DIRECTIONS FOR THIS TASK: Your answer should reproduce the full set of records exactly as given.

##########

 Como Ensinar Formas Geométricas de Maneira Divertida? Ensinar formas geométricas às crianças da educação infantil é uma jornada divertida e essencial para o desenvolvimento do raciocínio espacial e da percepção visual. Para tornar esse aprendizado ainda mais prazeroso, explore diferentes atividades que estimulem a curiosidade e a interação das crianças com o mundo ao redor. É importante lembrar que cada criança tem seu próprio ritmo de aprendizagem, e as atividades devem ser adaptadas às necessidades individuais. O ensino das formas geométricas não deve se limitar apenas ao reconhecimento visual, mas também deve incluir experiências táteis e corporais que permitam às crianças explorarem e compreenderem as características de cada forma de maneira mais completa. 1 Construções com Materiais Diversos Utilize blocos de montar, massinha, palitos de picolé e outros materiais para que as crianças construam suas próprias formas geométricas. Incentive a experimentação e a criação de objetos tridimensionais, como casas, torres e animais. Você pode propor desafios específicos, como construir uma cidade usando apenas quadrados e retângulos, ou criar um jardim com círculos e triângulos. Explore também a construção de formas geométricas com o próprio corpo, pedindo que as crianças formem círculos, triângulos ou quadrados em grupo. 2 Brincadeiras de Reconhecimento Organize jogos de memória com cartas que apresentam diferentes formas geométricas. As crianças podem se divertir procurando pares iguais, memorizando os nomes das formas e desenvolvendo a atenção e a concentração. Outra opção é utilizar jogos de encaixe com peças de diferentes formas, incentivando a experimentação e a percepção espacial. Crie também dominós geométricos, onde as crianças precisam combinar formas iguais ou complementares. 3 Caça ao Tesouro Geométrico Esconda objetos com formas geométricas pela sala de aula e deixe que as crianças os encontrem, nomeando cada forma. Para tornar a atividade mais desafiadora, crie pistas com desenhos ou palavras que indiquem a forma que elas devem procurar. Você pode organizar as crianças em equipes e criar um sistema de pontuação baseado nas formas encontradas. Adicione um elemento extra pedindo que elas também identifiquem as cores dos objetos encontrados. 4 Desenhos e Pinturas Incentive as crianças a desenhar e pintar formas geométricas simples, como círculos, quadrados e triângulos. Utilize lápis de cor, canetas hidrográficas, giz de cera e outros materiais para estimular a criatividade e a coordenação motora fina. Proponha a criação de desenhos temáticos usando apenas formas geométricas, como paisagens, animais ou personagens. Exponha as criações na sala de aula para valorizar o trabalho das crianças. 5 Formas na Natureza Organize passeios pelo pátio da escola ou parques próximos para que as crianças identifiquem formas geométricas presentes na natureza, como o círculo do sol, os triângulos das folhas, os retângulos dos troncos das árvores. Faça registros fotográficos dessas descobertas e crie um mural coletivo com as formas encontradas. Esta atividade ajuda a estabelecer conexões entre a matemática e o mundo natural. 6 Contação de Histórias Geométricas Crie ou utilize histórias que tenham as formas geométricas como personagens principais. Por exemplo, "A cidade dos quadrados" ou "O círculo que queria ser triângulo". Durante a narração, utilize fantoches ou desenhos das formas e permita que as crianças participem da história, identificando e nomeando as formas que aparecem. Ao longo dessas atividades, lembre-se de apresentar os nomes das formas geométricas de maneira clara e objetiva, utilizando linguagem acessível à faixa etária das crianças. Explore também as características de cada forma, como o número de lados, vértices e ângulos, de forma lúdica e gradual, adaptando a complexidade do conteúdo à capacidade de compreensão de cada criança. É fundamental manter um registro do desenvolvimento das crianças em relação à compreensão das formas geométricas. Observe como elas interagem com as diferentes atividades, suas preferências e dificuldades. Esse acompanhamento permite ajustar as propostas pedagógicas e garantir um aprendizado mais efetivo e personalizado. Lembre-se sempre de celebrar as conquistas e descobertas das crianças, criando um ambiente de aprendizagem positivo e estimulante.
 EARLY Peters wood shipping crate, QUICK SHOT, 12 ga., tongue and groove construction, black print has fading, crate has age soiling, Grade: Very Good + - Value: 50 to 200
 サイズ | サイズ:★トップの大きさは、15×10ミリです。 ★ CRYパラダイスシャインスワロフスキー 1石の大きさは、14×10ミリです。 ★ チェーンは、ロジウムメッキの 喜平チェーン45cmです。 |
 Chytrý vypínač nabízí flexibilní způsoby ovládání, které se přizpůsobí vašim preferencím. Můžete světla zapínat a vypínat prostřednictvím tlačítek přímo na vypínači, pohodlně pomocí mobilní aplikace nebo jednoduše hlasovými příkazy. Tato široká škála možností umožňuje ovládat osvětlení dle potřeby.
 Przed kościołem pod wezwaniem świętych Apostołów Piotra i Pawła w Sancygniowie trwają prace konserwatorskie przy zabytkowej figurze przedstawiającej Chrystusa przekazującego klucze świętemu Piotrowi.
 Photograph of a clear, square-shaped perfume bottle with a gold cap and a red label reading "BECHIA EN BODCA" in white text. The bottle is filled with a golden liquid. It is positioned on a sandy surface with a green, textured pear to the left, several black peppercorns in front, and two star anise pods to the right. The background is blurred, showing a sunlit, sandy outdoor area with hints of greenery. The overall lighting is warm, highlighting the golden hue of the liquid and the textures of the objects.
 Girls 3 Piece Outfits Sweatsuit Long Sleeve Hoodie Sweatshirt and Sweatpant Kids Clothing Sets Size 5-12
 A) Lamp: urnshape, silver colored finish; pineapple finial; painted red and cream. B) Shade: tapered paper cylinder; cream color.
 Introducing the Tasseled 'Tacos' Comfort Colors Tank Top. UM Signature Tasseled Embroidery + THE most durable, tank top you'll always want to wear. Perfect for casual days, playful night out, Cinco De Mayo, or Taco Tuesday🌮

##########

SOLUTION TO THIS PROBLEM:
 Como Ensinar Formas Geométricas de Maneira Divertida? Ensinar formas geométricas às crianças da educação infantil é uma jornada divertida e essencial para o desenvolvimento do raciocínio espacial e da percepção visual. Para tornar esse aprendizado ainda mais prazeroso, explore diferentes atividades que estimulem a curiosidade e a interação das crianças com o mundo ao redor. É importante lembrar que cada criança tem seu próprio ritmo de aprendizagem, e as atividades devem ser adaptadas às necessidades individuais. O ensino das formas geométricas não deve se limitar apenas ao reconhecimento visual, mas também deve incluir experiências táteis e corporais que permitam às crianças explorarem e compreenderem as características de cada forma de maneira mais completa. 1 Construções com Materiais Diversos Utilize blocos de montar, massinha, palitos de picolé e outros materiais para que as crianças construam suas próprias formas geométricas. Incentive a experimentação e a criação de objetos tridimensionais, como casas, torres e animais. Você pode propor desafios específicos, como construir uma cidade usando apenas quadrados e retângulos, ou criar um jardim com círculos e triângulos. Explore também a construção de formas geométricas com o próprio corpo, pedindo que as crianças formem círculos, triângulos ou quadrados em grupo. 2 Brincadeiras de Reconhecimento Organize jogos de memória com cartas que apresentam diferentes formas geométricas. As crianças podem se divertir procurando pares iguais, memorizando os nomes das formas e desenvolvendo a atenção e a concentração. Outra opção é utilizar jogos de encaixe com peças de diferentes formas, incentivando a experimentação e a percepção espacial. Crie também dominós geométricos, onde as crianças precisam combinar formas iguais ou complementares. 3 Caça ao Tesouro Geométrico Esconda objetos com formas geométricas pela sala de aula e deixe que as crianças os encontrem, nomeando cada forma. Para tornar a atividade mais desafiadora, crie pistas com desenhos ou palavras que indiquem a forma que elas devem procurar. Você pode organizar as crianças em equipes e criar um sistema de pontuação baseado nas formas encontradas. Adicione um elemento extra pedindo que elas também identifiquem as cores dos objetos encontrados. 4 Desenhos e Pinturas Incentive as crianças a desenhar e pintar formas geométricas simples, como círculos, quadrados e triângulos. Utilize lápis de cor, canetas hidrográficas, giz de cera e outros materiais para estimular a criatividade e a coordenação motora fina. Proponha a criação de desenhos temáticos usando apenas formas geométricas, como paisagens, animais ou personagens. Exponha as criações na sala de aula para valorizar o trabalho das crianças. 5 Formas na Natureza Organize passeios pelo pátio da escola ou parques próximos para que as crianças identifiquem formas geométricas presentes na natureza, como o círculo do sol, os triângulos das folhas, os retângulos dos troncos das árvores. Faça registros fotográficos dessas descobertas e crie um mural coletivo com as formas encontradas. Esta atividade ajuda a estabelecer conexões entre a matemática e o mundo natural. 6 Contação de Histórias Geométricas Crie ou utilize histórias que tenham as formas geométricas como personagens principais. Por exemplo, "A cidade dos quadrados" ou "O círculo que queria ser triângulo". Durante a narração, utilize fantoches ou desenhos das formas e permita que as crianças participem da história, identificando e nomeando as formas que aparecem. Ao longo dessas atividades, lembre-se de apresentar os nomes das formas geométricas de maneira clara e objetiva, utilizando linguagem acessível à faixa etária das crianças. Explore também as características de cada forma, como o número de lados, vértices e ângulos, de forma lúdica e gradual, adaptando a complexidade do conteúdo à capacidade de compreensão de cada criança. É fundamental manter um registro do desenvolvimento das crianças em relação à compreensão das formas geométricas. Observe como elas interagem com as diferentes atividades, suas preferências e dificuldades. Esse acompanhamento permite ajustar as propostas pedagógicas e garantir um aprendizado mais efetivo e personalizado. Lembre-se sempre de celebrar as conquistas e descobertas das crianças, criando um ambiente de aprendizagem positivo e estimulante.
 EARLY Peters wood shipping crate, QUICK SHOT, 12 ga., tongue and groove construction, black print has fading, crate has age soiling, Grade: Very Good + - Value: 50 to 200
 サイズ | サイズ:★トップの大きさは、15×10ミリです。 ★ CRYパラダイスシャインスワロフスキー 1石の大きさは、14×10ミリです。 ★ チェーンは、ロジウムメッキの 喜平チェーン45cmです。 |
 Chytrý vypínač nabízí flexibilní způsoby ovládání, které se přizpůsobí vašim preferencím. Můžete světla zapínat a vypínat prostřednictvím tlačítek přímo na vypínači, pohodlně pomocí mobilní aplikace nebo jednoduše hlasovými příkazy. Tato široká škála možností umožňuje ovládat osvětlení dle potřeby.
 Przed kościołem pod wezwaniem świętych Apostołów Piotra i Pawła w Sancygniowie trwają prace konserwatorskie przy zabytkowej figurze przedstawiającej Chrystusa przekazującego klucze świętemu Piotrowi.
 Photograph of a clear, square-shaped perfume bottle with a gold cap and a red label reading "BECHIA EN BODCA" in white text. The bottle is filled with a golden liquid. It is positioned on a sandy surface with a green, textured pear to the left, several black peppercorns in front, and two star anise pods to the right. The background is blurred, showing a sunlit, sandy outdoor area with hints of greenery. The overall lighting is warm, highlighting the golden hue of the liquid and the textures of the objects.
 Girls 3 Piece Outfits Sweatsuit Long Sleeve Hoodie Sweatshirt and Sweatpant Kids Clothing Sets Size 5-12
 A) Lamp: urnshape, silver colored finish; pineapple finial; painted red and cream. B) Shade: tapered paper cylinder; cream color.
 Introducing the Tasseled 'Tacos' Comfort Colors Tank Top. UM Signature Tasseled Embroidery + THE most durable, tank top you'll always want to wear. Perfect for casual days, playful night out, Cinco De Mayo, or Taco Tuesday🌮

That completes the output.